Task details: Every line below needs to be transcribed without alteration, and no image may be carried over.
(Available data)
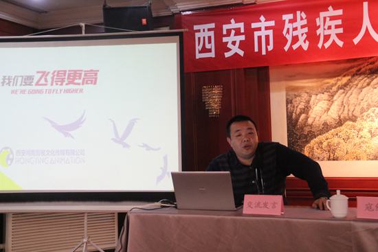 在创业经验交流环节,来自雁塔区的西安鸿鹰影视文化传媒有限公司王磊、周至县的天然农夫果园董晓民、长安区的益康盲人按摩中心王宁以及西安市丽莎贝尔花艺职业培训学校姚利军等涵盖了高科技动漫制作、电商创业、盲人按摩、教育培训等不同领域的四位创业代表,先后同与会者分享了各自的创业历程和创业经验。与此同时,就业中心的相关负责同志还对我市的残疾人创业扶持政策以及相关配套扶持政策进行了介绍。
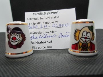 Sběratelský porcelánový náprstek - Sada 2 ks - Klauni - Hrabáková Soňa, s certifikátem, ruční malba. Náprstky jsou bez otluků a prasklin.
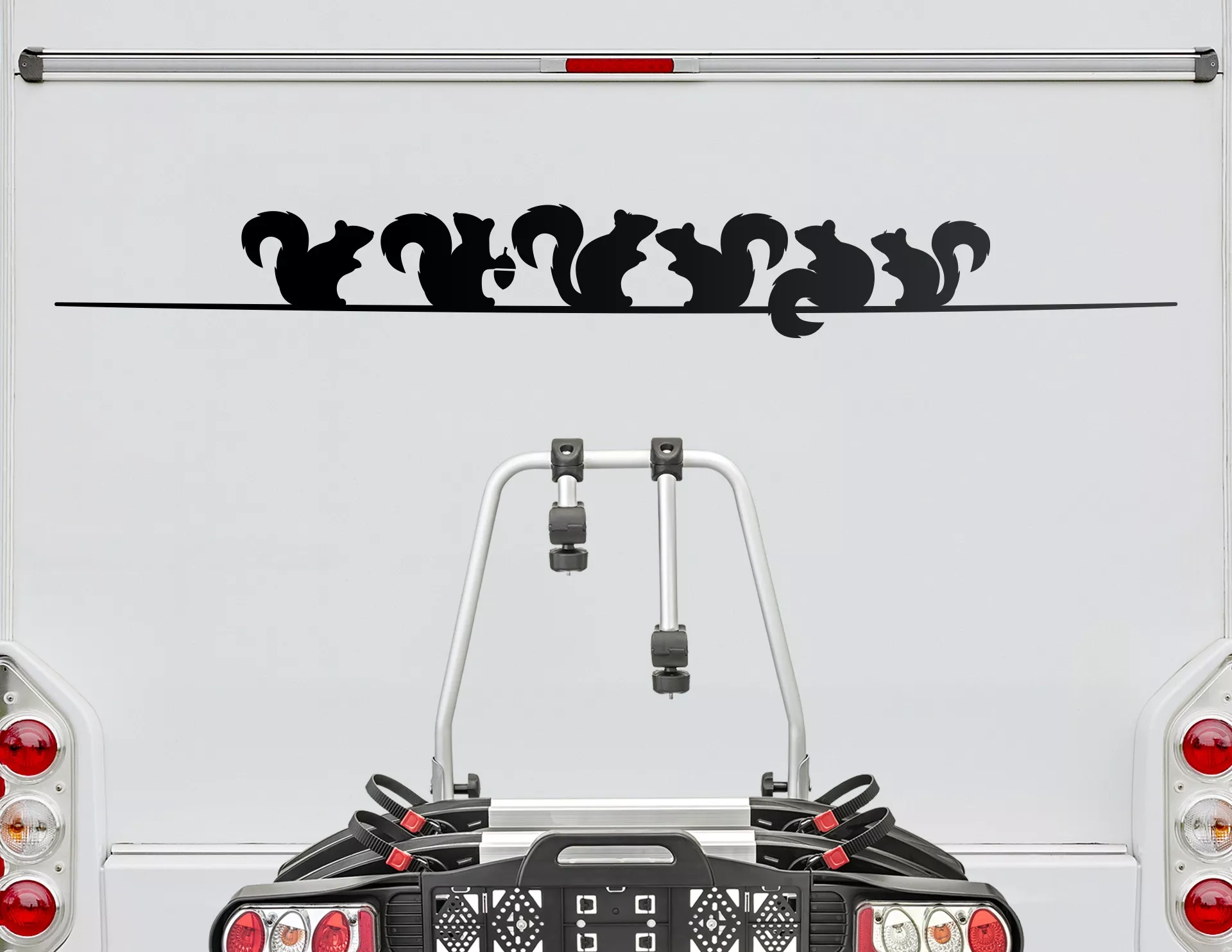 Unser Autoaufkleber Eichhörnchen Geflüster bringt den Zauber der Natur direkt auf Dein fahrendes Zuhause. Mit sechs entzückenden Eichhörnchen-Silhouetten auf einer Linie, ist dieses Design ideal für Caravans, Camper und längliche Flächen. Leicht zu applizieren und ein echter Hingucker, der Deinem mobilen Heim einen Hauch von Wald & Wildnis verleiht. Perfekt für alle Natur- und Tierliebhaber!
(End Available data)
Exercise output:
 在创业经验交流环节,来自雁塔区的西安鸿鹰影视文化传媒有限公司王磊、周至县的天然农夫果园董晓民、长安区的益康盲人按摩中心王宁以及西安市丽莎贝尔花艺职业培训学校姚利军等涵盖了高科技动漫制作、电商创业、盲人按摩、教育培训等不同领域的四位创业代表,先后同与会者分享了各自的创业历程和创业经验。与此同时,就业中心的相关负责同志还对我市的残疾人创业扶持政策以及相关配套扶持政策进行了介绍。
 Sběratelský porcelánový náprstek - Sada 2 ks - Klauni - Hrabáková Soňa, s certifikátem, ruční malba. Náprstky jsou bez otluků a prasklin.
 Unser Autoaufkleber Eichhörnchen Geflüster bringt den Zauber der Natur direkt auf Dein fahrendes Zuhause. Mit sechs entzückenden Eichhörnchen-Silhouetten auf einer Linie, ist dieses Design ideal für Caravans, Camper und längliche Flächen. Leicht zu applizieren und ein echter Hingucker, der Deinem mobilen Heim einen Hauch von Wald & Wildnis verleiht. Perfekt für alle Natur- und Tierliebhaber!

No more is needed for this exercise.